I found out the hard way. I bought the harbor gun that was junk - off by 49 degrees!
I proceeded directly to Sears and bought the mid level FLUKE Model 561 IR gun. It measures heat from Aluminum, steel, liquid, porcelain, ceramic and teflon. Once my heat press was calibrated I no longer had any problem related to incorrect temperature applications. 
The Fluke is much more than the cheapies, but worth it in the long run.*


----------



## queerrep (Jul 18, 2006)

Girlzndollz said:


> Thanks, Rhonda. If you do go for more JPSS, tshirtsupplies.com is giving another 5% off their prices for signing up an account... and their prices already rock!


Thanks! I have had them bookmarked for awhile now, but thanks for the heads up on the 5% off.



Hwy101 said:


> *The Fluke is much more than the cheapies, but worth it in the long run.*


*
*Why would anybody name their company (or product for that matter) "Fluke"? LOL* 
*


----------



## Flint54 (Oct 16, 2008)

Lowes, Home Depot and many stores of this type have an Electrical Department. Get a voltmeter but look for one on the shelf that has a temp probe/thermocouple included with it. These are very accurate & small additionally they should run around $20 US. Hope this helps.


----------



## Girlzndollz (Oct 3, 2007)

queerrep said:


> Thanks! I have had them bookmarked for awhile now, but thanks for the heads up on the 5% off.


That actually ends on October 24th... I didn't realize that is tomorrow...

I have to get my review of their site in, so I can be entered into the contest to win FREE JPSS... now what can beat that?? 

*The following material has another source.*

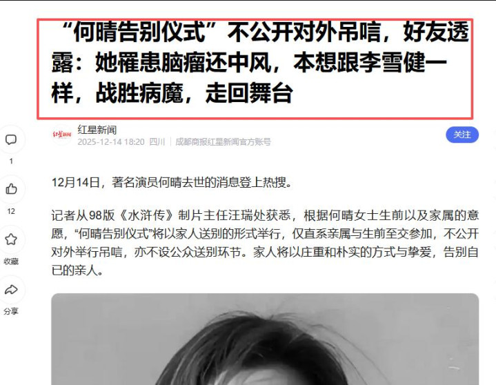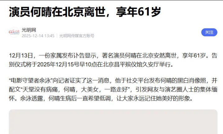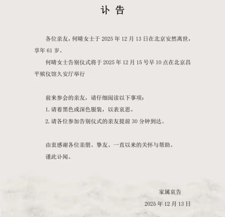 2025年12月13日,何晴在睡梦中安详离世。

> Why would anybody name their company (or product for that matter) "Fluke"? LOL





> * *


LOL!



Thanks to both of the fellas for additional leads on finding other IR guns.


----------



## Gunslinger (Aug 3, 2007)

Hey Gang ... I am posting here, after spending a few days with new licensed transfers I wanted to add to our retail line-up. Pretty frustrating experience, as half of the transfers were originally from a company bought up by another (I wasn't aware of it) ... so, they were likely very old stock (or worse, a poorly run company). I could not get them to peel off (adjusting pressure, temp and time) cleanly ... all were hot peels of various styles (spot color, glitter, high definition, etc.).

After burning the back of my hand, I was ready to chew out the supplier. No, I won't state who it is here, or by any PM or e-mail ... I will deal with them and the issue of this particular stock, on my own. However, I did find a solution after some trial and error, if you run across older stock (which I have gathered can happen with any stock transfer supplier, so it can come up with any of the large stock transfer houses ... even ones "recommended"):

1. Keep the recommended time the same. (though, you might use less with the following adjustments) ... increasing the time has no effect.
2. Increase the pressure to heavy, heavy, heavy ... as far as you can go clamping it down.
3. Jack up the heat, baby ... as much as 75 or more degrees above the recommended. (the instructions I had were 375-400 ... I had to get it up to 475, before they peeled off nice)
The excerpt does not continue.